Let's write a naive function to find the largest common multiple of two integers in Python. As usual in Python, there is only one obvious solution.

We will test it with the following check: 

return lcm(5, 12) == 60

Here's the naive function: 

def lcm(a: int, b: int) -> int:
    m = 1
    n = 1
    while abs(m*a) != abs(n*b):
        if abs(m*a) < abs(n*b):
            m += 1
        else:
            n += 1
    return m*a
return lcm(5, 12) == 60

True

Now we should either try to make the function more readable to increase maintainability, or if it is causing performance issues, optimize it.

Allegedly Python supports the functional programming paradigm. Functional programs are readable and maintainable so let's try that out.

First we want to turn the loop into a recursive call. Because we do not want to change the type of the function, we need to introduce an inner function. 

def lcm(a: int, b: int) -> int:
    def inner(m, n):
        if abs(m*a) < abs(n*b):
            return inner(m + 1, n)
        elif abs(n*b) < abs(m*a):
            return inner(m, n + 1)
        else:
            return m*a
    return inner(1, 1)
return lcm(5, 12) == 60

True

Now our function technically adheres to the functional paradigm. But we can do better! The return statements seem quite redundant, right? 

def lcm(a: int, b: int) -> int:
    def inner(m, n):
        return (inner(m + 1, n) if abs(m*a) < abs(n*b) else
                inner(m, n + 1) if abs(n*b) < abs(m*a) else
                m*a)
    return inner(1, 1)
return lcm(5, 12) == 60

True

I can only guess why if-expressions in Python look like something out of Perl.

Let's change the inner function to a lambda term as that removes one return statement. 

def lcm(a: int, b: int) -> int:
    inner = lambda m: lambda n: (
        inner(m + 1)(n) if abs(m*a) < abs(n*b) else
        inner(m)(n + 1) if abs(n*b) < abs(m*a) else
        m*a
    )
    return inner(1)(1)
return lcm(5, 12) == 60

True

In the process I also curried the inner function to make it closer to a true lambda term. Though it is not yet a true lambda term as its definition is self-referential.

Fixing this allows us also to remove the last return statement by turning the whole function into a lambda expression.

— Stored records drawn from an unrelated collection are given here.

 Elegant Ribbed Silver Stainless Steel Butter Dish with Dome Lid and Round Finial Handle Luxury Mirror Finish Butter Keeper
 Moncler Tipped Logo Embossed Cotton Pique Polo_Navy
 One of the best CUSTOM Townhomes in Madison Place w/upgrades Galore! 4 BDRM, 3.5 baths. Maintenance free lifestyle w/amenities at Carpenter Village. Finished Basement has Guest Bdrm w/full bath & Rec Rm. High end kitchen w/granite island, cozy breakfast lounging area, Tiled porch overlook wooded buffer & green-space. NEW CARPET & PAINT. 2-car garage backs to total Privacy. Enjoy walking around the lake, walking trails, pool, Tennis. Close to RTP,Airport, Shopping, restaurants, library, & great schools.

The fix seems easy at first – just use fixed point recursion. The problem is that Haskell Curry's classic Y-combinator, when implemented directly in Python, gives rise to a stack overflow once any function is passed to it. Python gets stuck evaluating the Y-combinator as the argument is evaluated eagerly:

All argument expressions are evaluated before the call is attempted. – https://docs.python.org/3/reference/expressions.html#calls

Here's an example for the factorial function producing stack overflow even before the number to calculate the factorial for is specified: 

Y = (lambda f: (lambda x: f(x(x)))
               (lambda x: f(x(x))))
Y(lambda factorial:
  lambda n: 1 if n == 1 else n*factorial(n - 1))

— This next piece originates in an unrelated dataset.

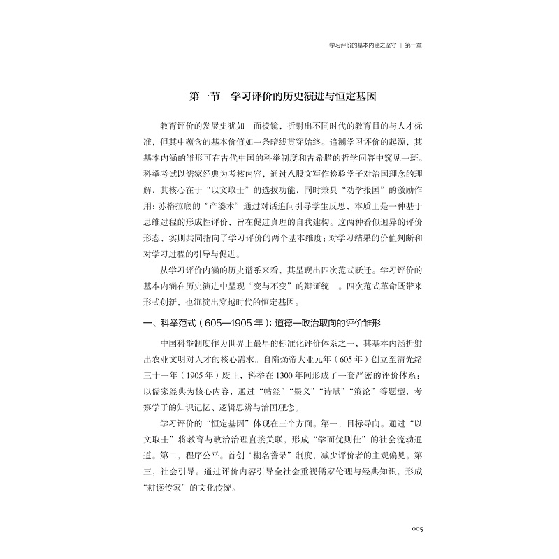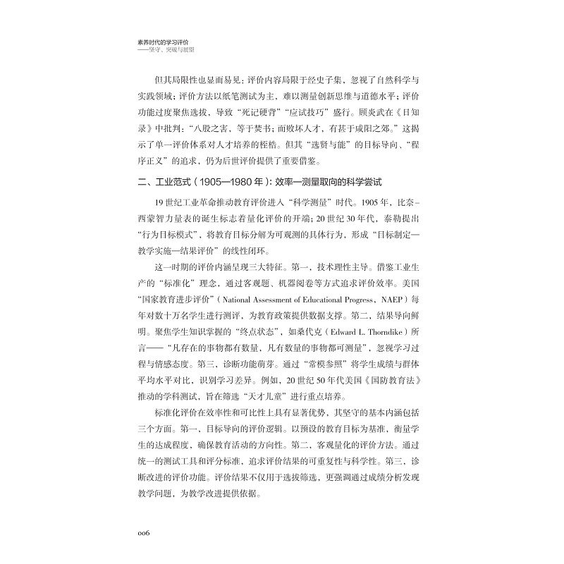 当下全球范围内的教育改革都无一例外转向了素养为本的时代。素养导向的教学改革和学习变革不仅深受认同,也已经在实践中如火如荼的开展,但是,如何开展素养导向的学习评价,各有说法。本书从这个背景出发,清晰阐述了素养时代的学习评价应该坚守什么和应该如何突破。坚守:坚持评价的内涵本质和科学性的实践是无论如何都不能或缺的部分。突破:如何重视、珍视、用好评价的教学导向功能和学习引导功能,非常重要。在坚守的部分,讨论评价何以为评价,在突破的部分,讨论,评价何以为教学、何以为学习。
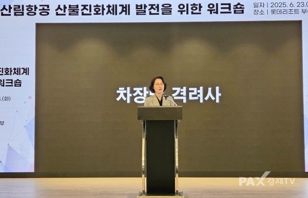 이미라 산림청 차장이 23일 산림항공 산불진화체계 발전을 위한 워크숍에서 격려사를 하고 있다. [사진제공=산림청][대전=팍스경제TV] 산림청은 충청남도 부여군에 위치한 롯데리조트부여에서 이미라 산림청 차장을 비롯한 산림항공본부 직원 260여 명이 참가한 가운데 2025년 영남권 대형산불 진화 경험을 공유하고 산불 진화체계 발전 방향을 논의하는 자리를 가졌다고 오늘(23일) 밝혔습니다.

Luckily Python can be tricked into not evaluating the argument as eagerly with a different version of the Y-combinator. The main difference seems to be that inside the combinator, f is not passed the arguments directly but rather as a lambda form, which allows for more lazy evaluation. Let's call this new combinator fix. Here's the definition I found on several internet forums: 

fix = lambda f: (
    (lambda x: f(lambda v: x(x)(v)))
    (lambda x: f(lambda v: x(x)(v)))
)

I couldn't find motivation for the given combinator, so here's proof it works as expected: 

fix(g)

= (lambda f: (
    (lambda x: f(lambda v: x(x)(v))) # By rewriting
    (lambda x: f(lambda v: x(x)(v))) # definition above
))(g)

= (lambda x: g(lambda v: x(x)(v)))   # By invoking the function
  (lambda x: g(lambda v: x(x)(v)))   # application (lambda f: ...)(g)

= g(lambda v:
    (lambda x: g(lambda v: x(x)(v))) # By rewriting x in 'x(x)' with
    (lambda x: g(lambda v: x(x)(v))) # the argument 'lambda x: ...'.
    (v))                             # This is a function application.

= g((lambda v: fix(g))(v))           # By rewriting the equality
                                     # fix(g) = (lambda x: ...)(lambda x: ...)
                                     # proven in the first two steps

= g(fix(g))                          # By function application
                                     # (lambda v: ...)(v)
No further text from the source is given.